About To Enter My First Option Period

2 Replies

I am looking at a property this week that I think I will be putting in an offer for. I will be living in this property for a few years and I will eventually rent it out. The house is in the North Texas area above 380. Very minor TLC needs to be done from the looks of it, but I do think that some improvements to the floor plan need to be done initially (I am in a house hacking situation where I need 2 bathrooms, and the house only has 1). Most other improvements can be done over time because I will probably be in this house for 3+ years before renting. This will be my first home purchase, so I want to go in and fully prepared as possible to make this happen. My questions below.

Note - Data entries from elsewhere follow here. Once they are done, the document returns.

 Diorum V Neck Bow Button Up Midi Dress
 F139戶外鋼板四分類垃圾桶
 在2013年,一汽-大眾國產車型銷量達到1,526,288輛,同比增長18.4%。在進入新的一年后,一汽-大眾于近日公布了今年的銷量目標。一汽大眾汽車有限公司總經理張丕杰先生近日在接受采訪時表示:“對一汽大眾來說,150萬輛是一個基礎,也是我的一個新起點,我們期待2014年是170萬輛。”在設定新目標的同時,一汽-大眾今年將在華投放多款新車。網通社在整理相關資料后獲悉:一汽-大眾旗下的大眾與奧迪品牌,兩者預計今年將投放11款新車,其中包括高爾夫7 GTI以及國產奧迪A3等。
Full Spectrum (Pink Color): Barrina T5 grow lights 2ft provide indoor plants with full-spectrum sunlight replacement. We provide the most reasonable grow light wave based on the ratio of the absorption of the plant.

1. There is a comparable house that has sold for $10k less than the asking price of this home, and it was move in ready, slightly bigger, and a garage. How much of a bargaining chip can I use that as for putting in my offer. The house makes sense $5k less than the asking price. Because of the lower offer, I plan to have a very short option period. Anything else I can do to make my offer more attractive while still offering below the asking price?

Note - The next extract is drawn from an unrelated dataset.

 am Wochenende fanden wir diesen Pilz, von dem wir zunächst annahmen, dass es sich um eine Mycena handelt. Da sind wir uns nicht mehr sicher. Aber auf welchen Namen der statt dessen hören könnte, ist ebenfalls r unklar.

2. If the offer is not accepted, what is the best way to come in with another offer? (I will only do this below the number that makes sense.)

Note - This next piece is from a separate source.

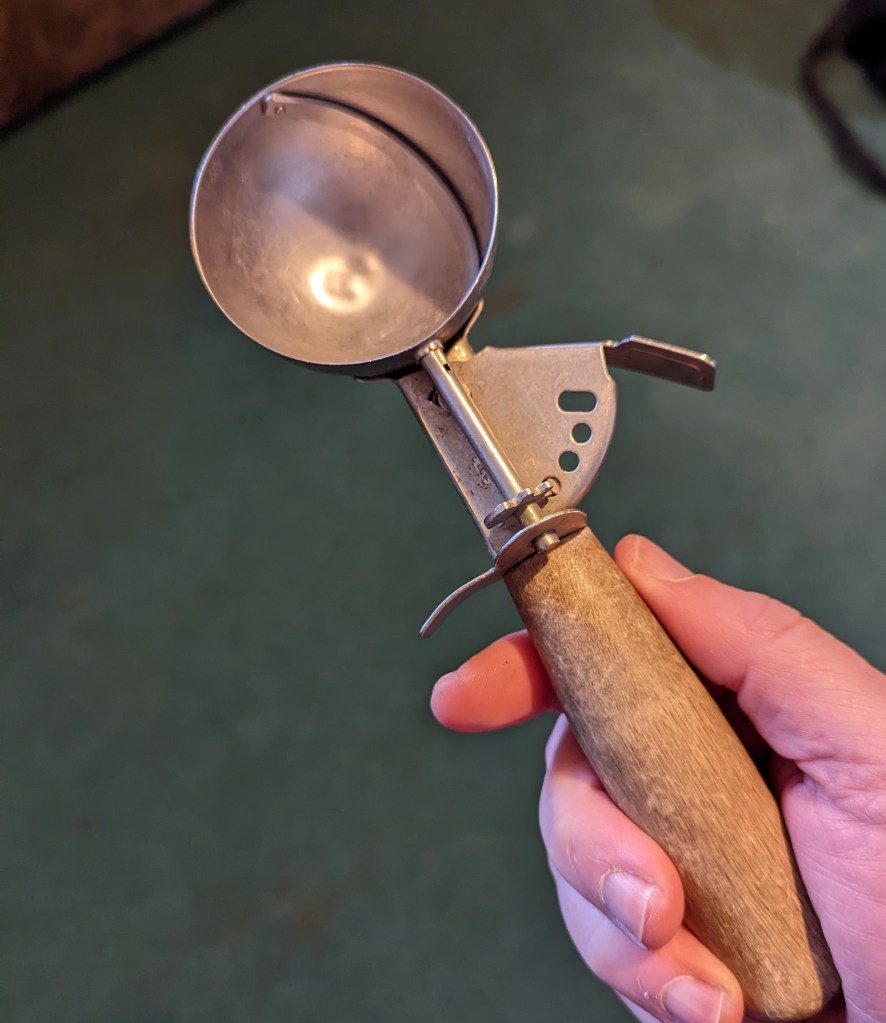 Eventually, after a little searching here and there, I found an old ice cream scoop. It’s the kind where you push a lever and a little rail frees the ice cream from the scoop. It had a $2 sticker; the estate sale banker gave it to me for $1 (with eight cents sales tax).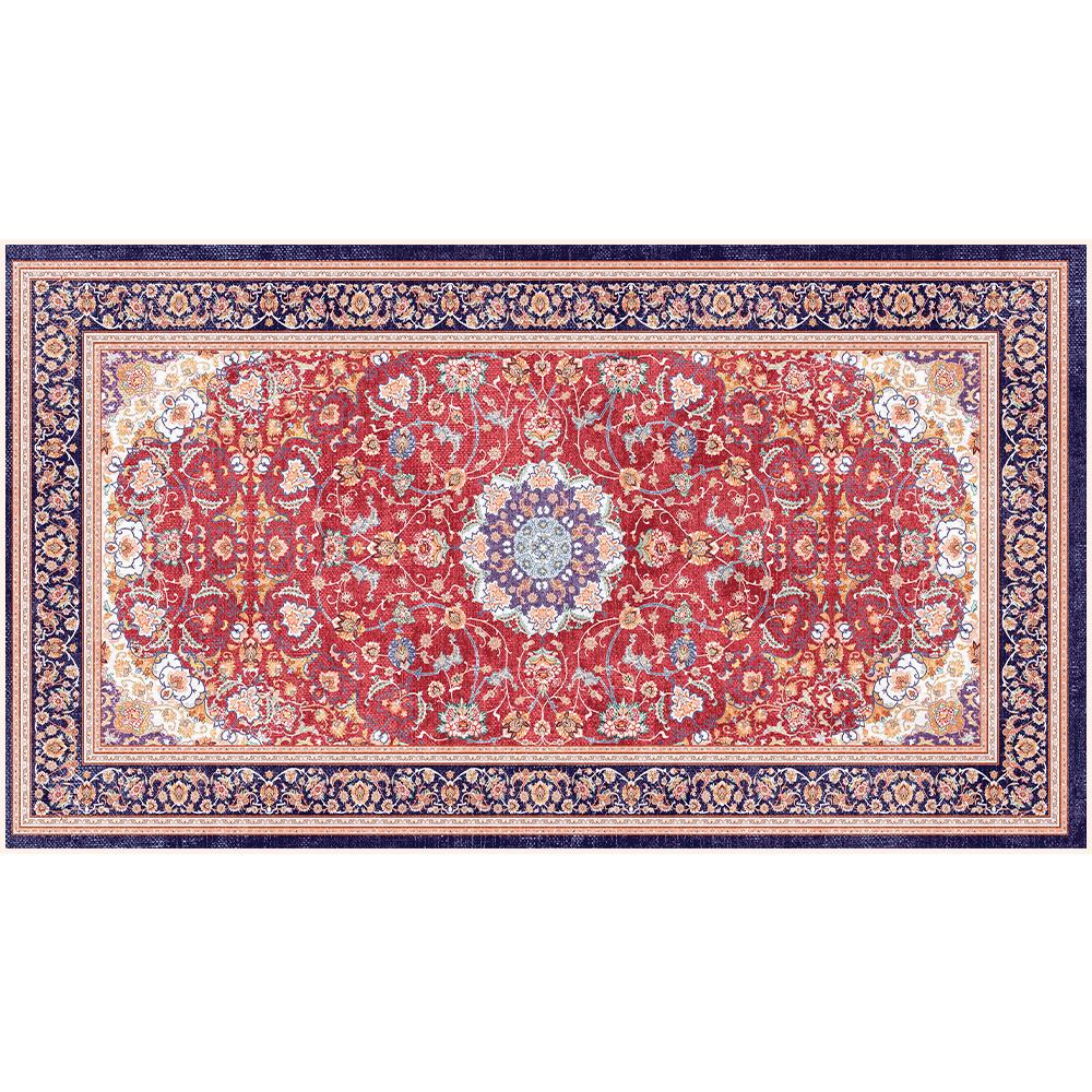 Luxury rug with traditional oriental design - burgundy and navy with beige details - elegant Persian style for living rooms and majlis - non-slip and easy to clean

3. If the offer is accepted and I'm in the option period, I need to find a home inspector and I need a contractor to make a bid. What is the best way to get these done? I've heard that setting up appointments with multiple contractors is smart to account for no shows. Any other strategies? Who else do I need to talk to to make sure I'm able to do the work I need done with the city, what does the contractor know and what should I be responsible for finding on my own.

4. Any other general advice I should know to make sure my offer is attractive, I'm efficient with the option period, or just anything else that will help me make this into a better deal?

The beauty of the option period is that it gives you the unrestricted right to terminate the contract for any reason whatsoever, even if you just change your mind. I would not offer a short option period. The typical option period is 10 days, which is short enough.

If there are similar comps in the neighborhood that are in better condition, bigger, etc., you can certainly use that as a bargaining chip to get a lower price. 

Where I think your argument goes off the rails is wanting the seller to subsidize improvements you want to make. The seller doesn't care that you're going to house hack and that you need two bathrooms. And even "needing a little TLC" is subjective.

The bottom line is it all comes down to the demand for the house. If it's been on the market for 150 days with no takers, that's a pretty good sign that's it's overpriced. If it just went on the market, then the seller is probably not in the mood to negotiate.

The #1 rule when dealing with sellers is that they always think their property is worth more than it is. 

It sounds like you're not using a Realtor for this transaction. I would suggest that's a mistake. A good Realtor can help you strategize to get the best price you can based on the condition of the property.

To help clarify I'm not expecting the seller to care are all or even know what my intentions are with the house, I don't want them paying for improvments to get me to buy the house, I want to make them on my own. I just want to get my fair price. I also do have a realtor who's fantastic, but I'm trying to do my due diligence and make sure im ready after seeing the house later this week.